Wednesday, 23 July 2008

Symbolic Violence Pt2

The Scientist and the Lumberjack

Forests are common things to point to when people protest about the jugernaut of progress. In the context of the protests it is common to refer to forests as "the lungs of the planet" - an idea lifted from a scientific consideration of the ecosystem. But modern science is a symbolic system which might be taken to epitomise the violence our systems of signification inevitably do. Isn't it a commonplace now for science to be seen as the theoretical wing of the quest to dominate nature - that terrible historical will to power that leads to totalitarianism? At the risk of over-simplifying, it is as if the scientist studying rare species in the Amazonian rain forest is in league with the Brazilian lumberjack.

Of course the fundamental point concerns the categories employed by and constitutive of science; it doesn't refer, for instance, to the intentions or motives of individual scientists. To parrot Adorno: the categories of science necessarily fail to do justice to the sensuous particularity of the things themselves (although sensuous particularity is doubtless not the same thing as a Levinasian imponderable Alterity).

So: Is the scientist who genuinely cares about the Amazonian rain forest and wants to learn about it before it disappears involved in what might be called a peformative contradiction because what he assumes is an expression of his care actually does violence to the thing he cares about? Do his categories really resemble intellectual chainsaws? Would the level of violence be reduced if further scientific investigation of the rain forests were banned?

Sometimes I get the impression that the students of Levinas wish each and every tree were regarded as holy, thereby sparing them from disrespectful human practices such as scientific investigation.

Could you prune such a tree? Could you even plant one? But anyone who really cares about trees knows how much they can benefit from the right kind of considerate human intervention.

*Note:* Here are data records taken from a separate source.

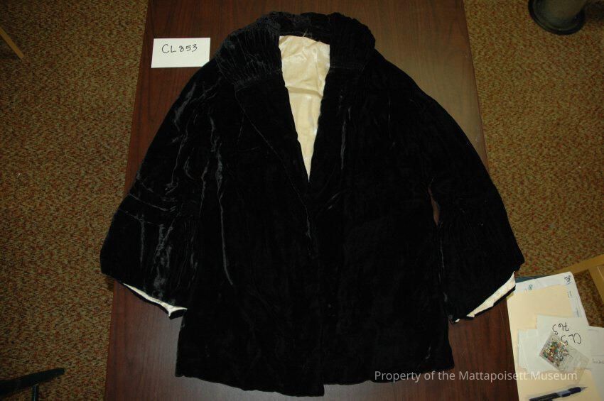 Black velvet jacket with shawl, pleated collar and lapels. Flounce at wrist. Satin lining.Collection
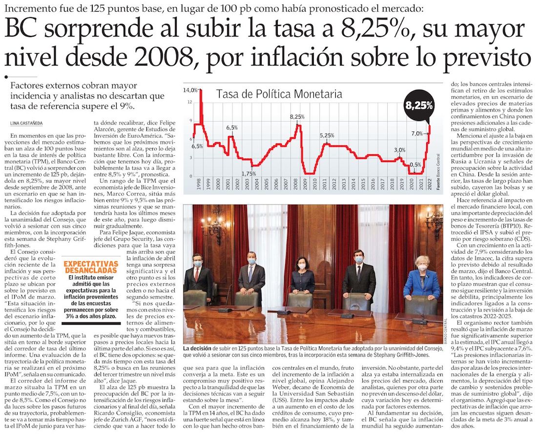 Banco Central sube la tasa más de lo esperado ante nuevos riesgos inflacionarios - (Diario Financiero)
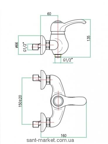 Смеситель для душа настенный однорычажный Fiore коллекция Jafar хром 47CR5120
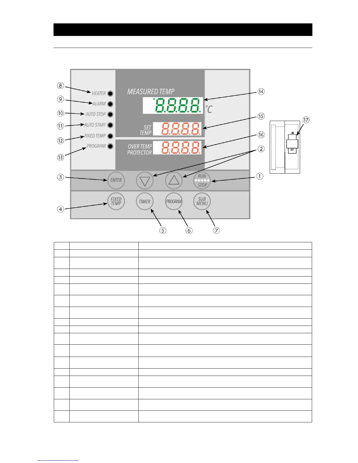 Shows current chamber temperature, setting characters and error information.
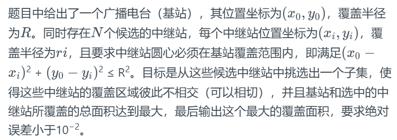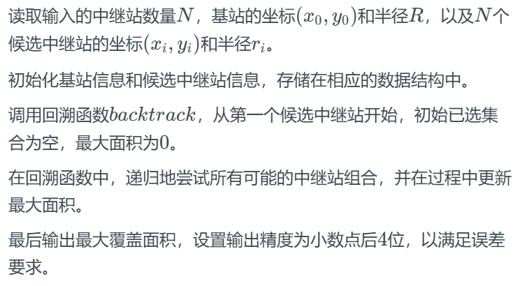 main函数:读取输入数据,初始化基站和候选中继站信息,调用回溯函数计算最大覆盖面积,并输出结果,设置输出精度为小数点后(4)位。

In a similar way, the caring scientist inevitably uses a limited set of concepts that express a very partial view of things, but the point is to develop a deeper understanding of them - not just to put a number on them and get them quickly onto the supermarket shelves.

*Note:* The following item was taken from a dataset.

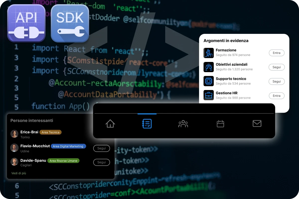 Porta la potenza di SelfCommunity direttamente nel tuo frontend. Il Community-JS SDK offre componenti React pronti all'uso, completamente personalizzabili, per integrare funzionalità social avanzate in qualsiasi applicazione web senza riscrivere logiche complesse.
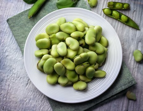Fresh broad beans on a white plate on table. Generated image

It is interesting in this regard to recall one of the things that Francis Bacon mentioned when he was tryng to champion modern scence in its earliest days when it was still struggling with more authoritarian forms of learning.

"We must lead men to the particulars themselves, and their series and order; while men on their side must force themselves for a while to lay their notions by and begin to familiarize themselves with facts." (Novum Organum Ch1 XXXVI)

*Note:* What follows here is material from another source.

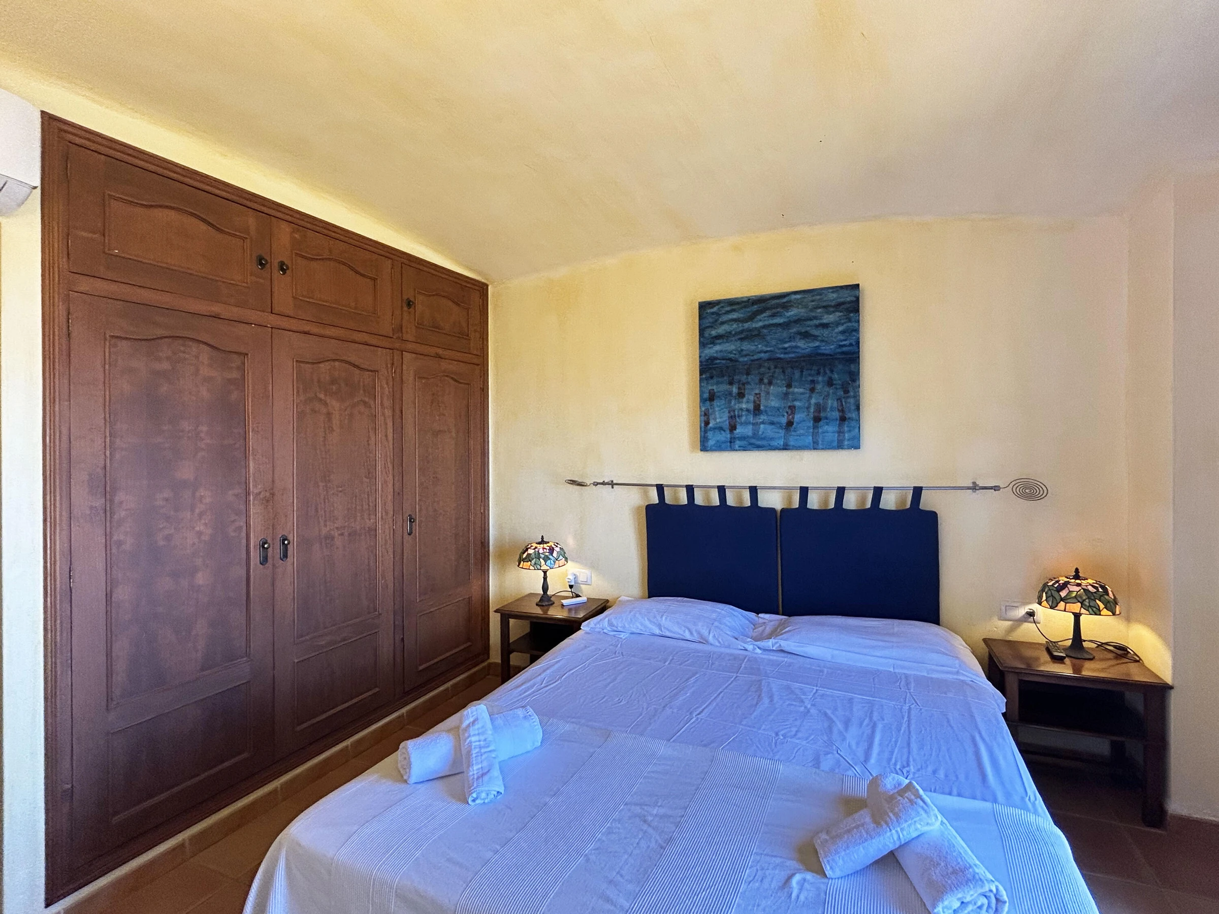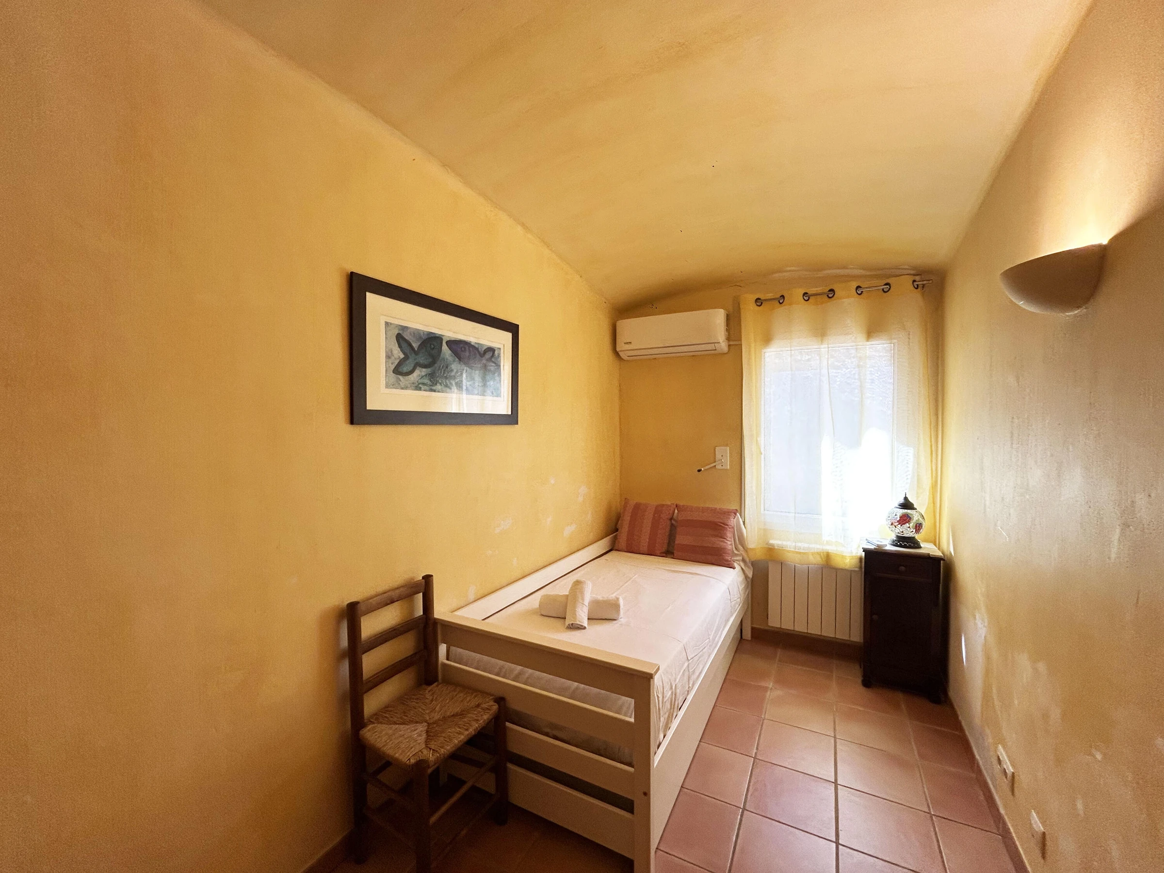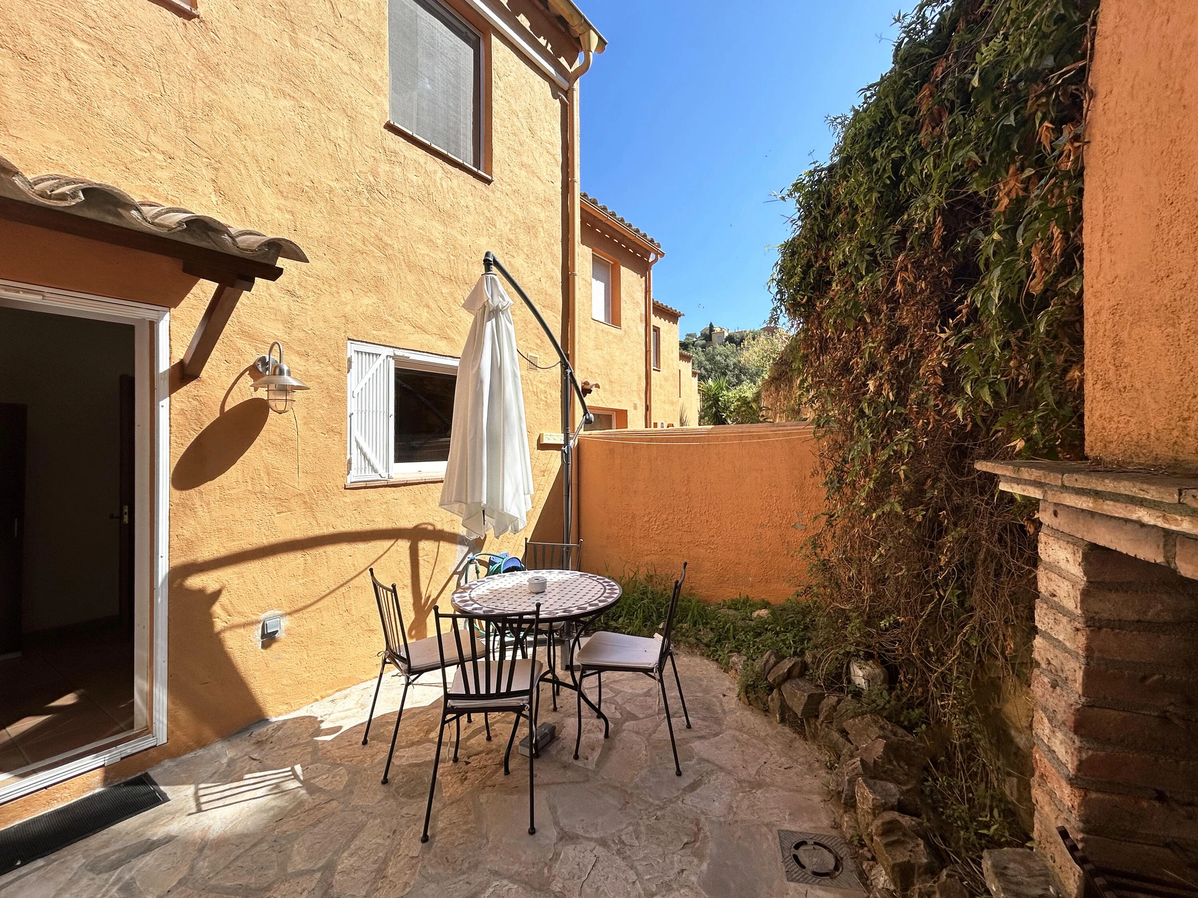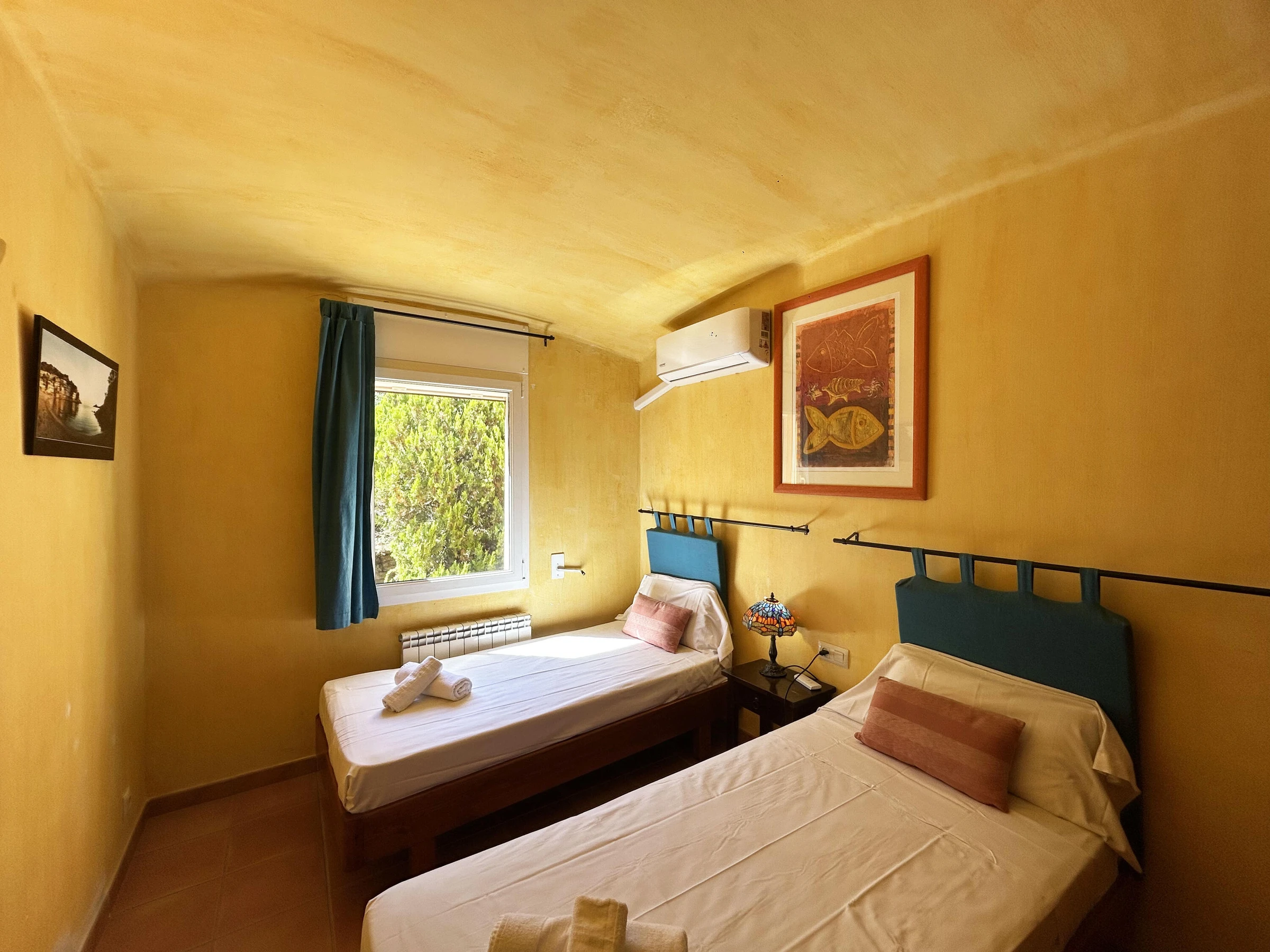 Acogedora casa adosada situada a 2 kilómetros de la playa de Sa Riera y a 3 minutos del centro de Begur. Distribuida en dos niveles consta de salón-comedor con salida a terraza cubierta, un aseo, cocina abierta equipada y con salida a patio trasero. Planta superior con dos dormitorios dobles, un baño con ducha, un dormitorio tipo suite con baño y terraza. Garaje. (1 cama doble, 4 camas individuales) Jardín comunitario con piscina (10 x 6 metros ) para 14 casas. Vistas fantásticas al mar y a las Islas Medes.

Certainly compared to a Medieval scholasticism, modern science pays much more attention to the richness of the world of particular things. The pursuit of scientific knowledge surely involves a social aggregation of power. It is true that knowledge is power. The question, though, is how is the power to be used?

Surely the problem is not with the categories of science as such but with the ends of particular scientific projects. Surely there is an important distinction between scientific projects that want to comprehend the marvels of the rain forest and those that, for instance want to develop new species of trees that will grow faster so that they can be turned into timber more quickly. This reasoning about ends is admittedly categorically different from scientific explanation but it is not foreign to science as long as we see science as a project which inevitably pursues ends, whether they have been discussed or not.

To take a different example: there is the notorious lack of interest shown in developing drugs for tropical diseases, prefering instead to develop treatments, for instance, for toe fungus (e.g. Lamsil) which will sell well to the more affluent. If all of science is levelled because it implies an increase in power over things, we lose sight of the way science can be pursued so as to relieve the plight of those who would otherwise be downtrodden and ignored in the most disrespectful of ways.

It is not irrelevant that research groups have increasingly been forced to rely on private finance and links with business to secure funding. This inevitably involves removing those projects from a public sphere in which there might be discussions about what sorts of projects should be pursued and scientists end up being accomplices in the amoral business of money making.

Ultimately the problem is a political one - a problem concerning the way scientific activities are integrated into the social matrix - but this is obscured by an undue focus on the particular (in all its alterity) and the universals so ruthlessly and inevitably imposed by scientists as they pin back the wings of butterlies.